Conference: NeurIPS 2025 arXiv: 2510.22694 Code: Not available Area: Information Retrieval Keywords: Multimodal RAG, Adaptive Retrieval, Modality Selection, Noise-Robust Training, Retrieval-Augmented Generation

TL;DR

This paper proposes a dual-component framework (Windsock + DANCE) to address three core challenges in multimodal RAG: the Windsock module adaptively determines when to retrieve and which modality to retrieve (text/image/none) based on the query; the DANCE instruction fine-tuning strategy improves how to utilize retrieved information by dynamically selecting the model's weakest modality for noise-robust training. The overall framework achieves a 17.07% performance improvement while reducing retrieval calls by 8.95%.

Background & Motivation

Multimodal Retrieval-Augmented Generation (MRAG) enhances the factuality and timeliness of MLLMs by incorporating external knowledge. However, existing methods suffer from three critical limitations:

The When Problem — Indiscriminate Retrieval: Existing methods apply retrieval to all queries uniformly (retrieve-for-all strategy), even when the model's parametric knowledge suffices. This introduces unnecessary computational overhead, and noisy documents returned by unreliable retrievers can degrade answer quality.

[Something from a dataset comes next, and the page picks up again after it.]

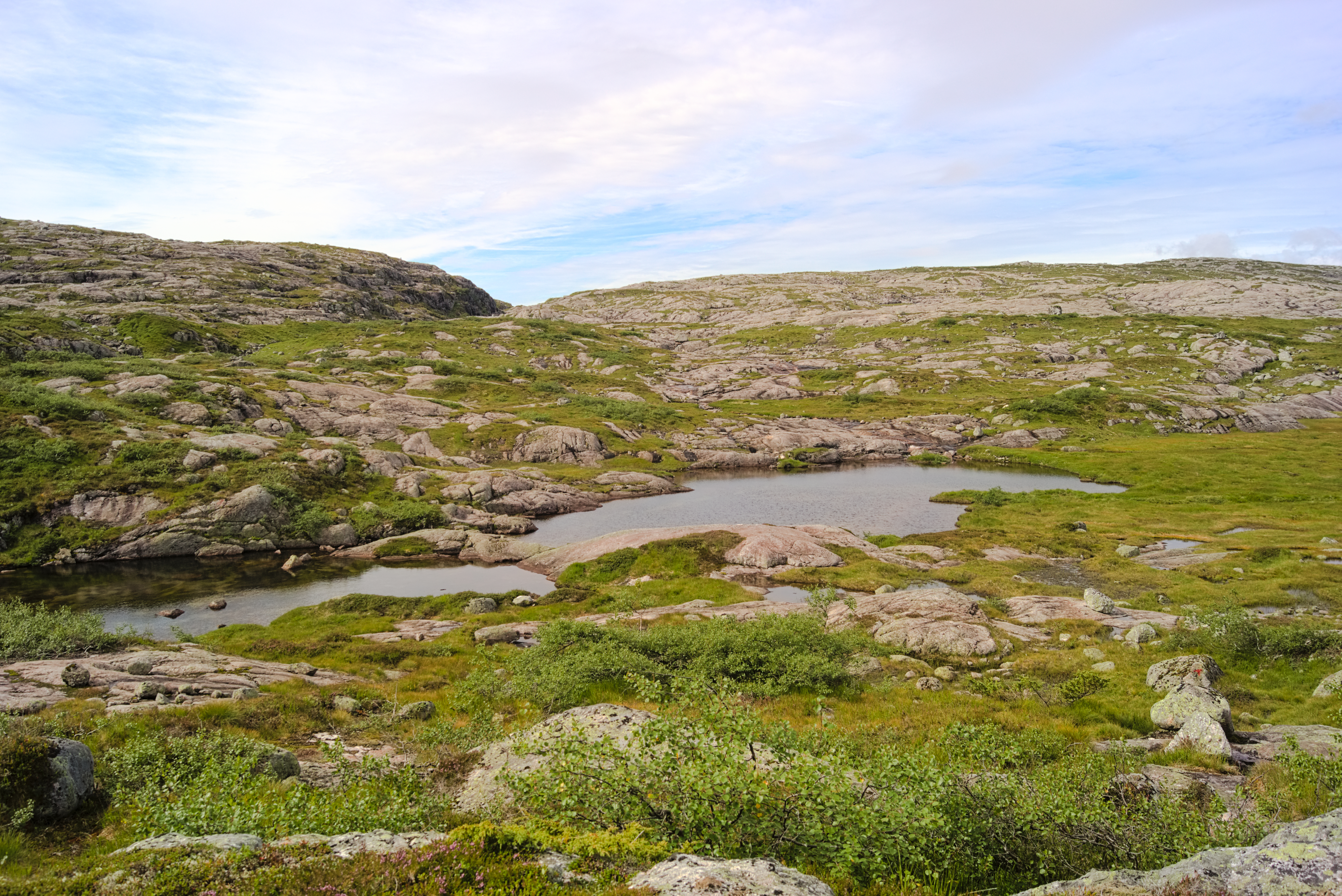 The next leg of the journey was in the sunlight, and passed many large lakes. Because it was dry, I set up the tent beside a lake and had a wonderful night outside. The wind picked up, and the temperature dropped to 5C, though. It bit cold for my thin summer sleeping bag.

The What Problem — Rigid Modality Selection: Existing methods either fix retrieval to images or to text (e.g., Wikipedia), without accounting for the varying informational needs of different queries. In practice, historical event queries benefit more from textual retrieval, whereas questions about painting styles are better served by image retrieval—different queries inherently require different modalities.

The How Problem — Underutilization of Retrieved Information: MLLMs are sensitive to irretrievable documents; both statistical (BM25) and vector-based (CLIP) retrievers may return irrelevant content, causing factual errors and hallucinations. Models must learn to extract useful information while discarding noise.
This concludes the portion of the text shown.